Your instructions | Starting at the line below holding "Heap of pills, tablets, capsules" and stopping at the line holding "В номерах имеются: телевизор", print every line exactly, both ends included, and leave the rest out.

Source information |
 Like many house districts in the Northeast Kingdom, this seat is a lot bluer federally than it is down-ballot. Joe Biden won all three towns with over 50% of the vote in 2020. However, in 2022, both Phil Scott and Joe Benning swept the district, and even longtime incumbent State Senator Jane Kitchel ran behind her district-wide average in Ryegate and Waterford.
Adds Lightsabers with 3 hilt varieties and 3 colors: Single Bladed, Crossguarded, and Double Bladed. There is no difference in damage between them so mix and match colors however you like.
==
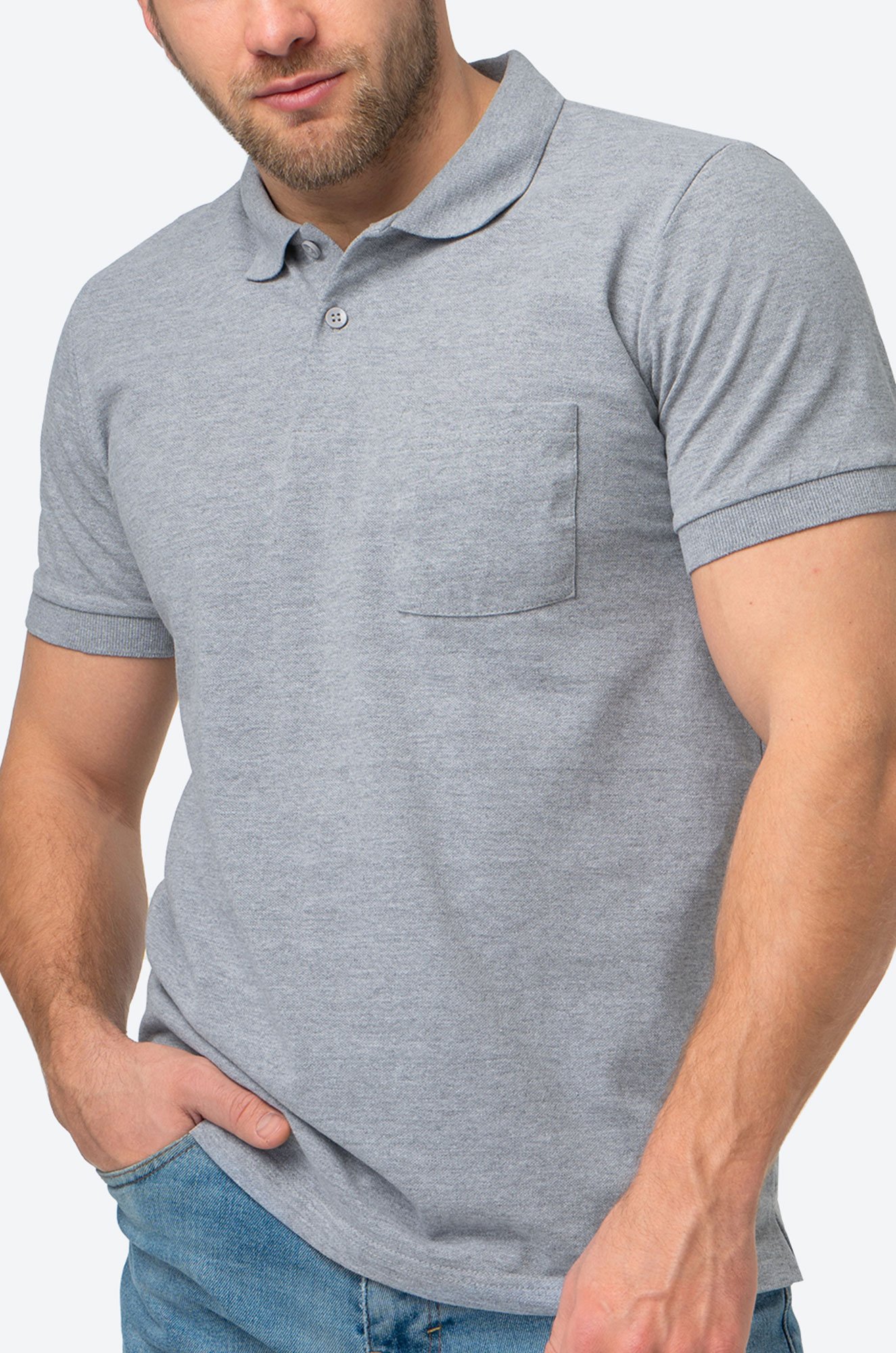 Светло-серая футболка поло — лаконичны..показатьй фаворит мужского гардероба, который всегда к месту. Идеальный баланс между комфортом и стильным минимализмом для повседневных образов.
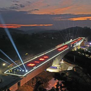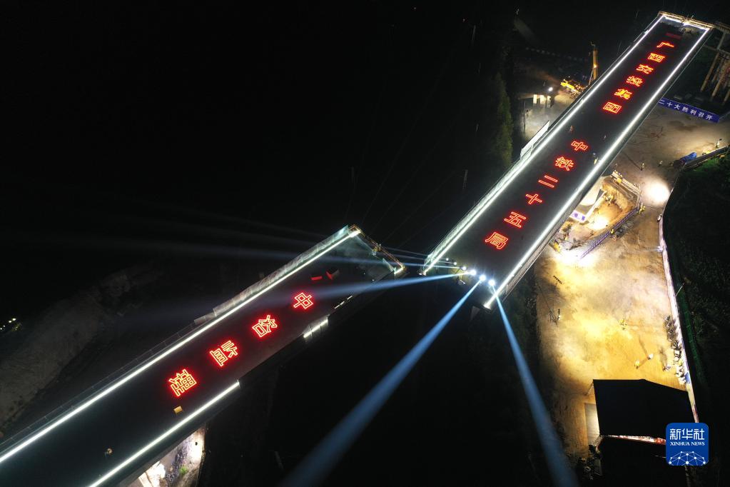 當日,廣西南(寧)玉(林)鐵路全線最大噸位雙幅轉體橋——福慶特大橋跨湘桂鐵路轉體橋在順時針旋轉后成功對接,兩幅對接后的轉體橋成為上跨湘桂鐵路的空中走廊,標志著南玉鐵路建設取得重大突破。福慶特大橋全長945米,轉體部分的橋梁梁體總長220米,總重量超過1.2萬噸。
--
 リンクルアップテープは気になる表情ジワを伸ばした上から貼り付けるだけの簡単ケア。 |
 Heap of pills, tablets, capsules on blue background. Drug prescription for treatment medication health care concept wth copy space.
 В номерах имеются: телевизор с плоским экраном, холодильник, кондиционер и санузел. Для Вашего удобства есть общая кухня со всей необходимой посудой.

Expected output |
 Heap of pills, tablets, capsules on blue background. Drug prescription for treatment medication health care concept wth copy space.
 В номерах имеются: телевизор с плоским экраном, холодильник, кондиционер и санузел. Для Вашего удобства есть общая кухня со всей необходимой посудой.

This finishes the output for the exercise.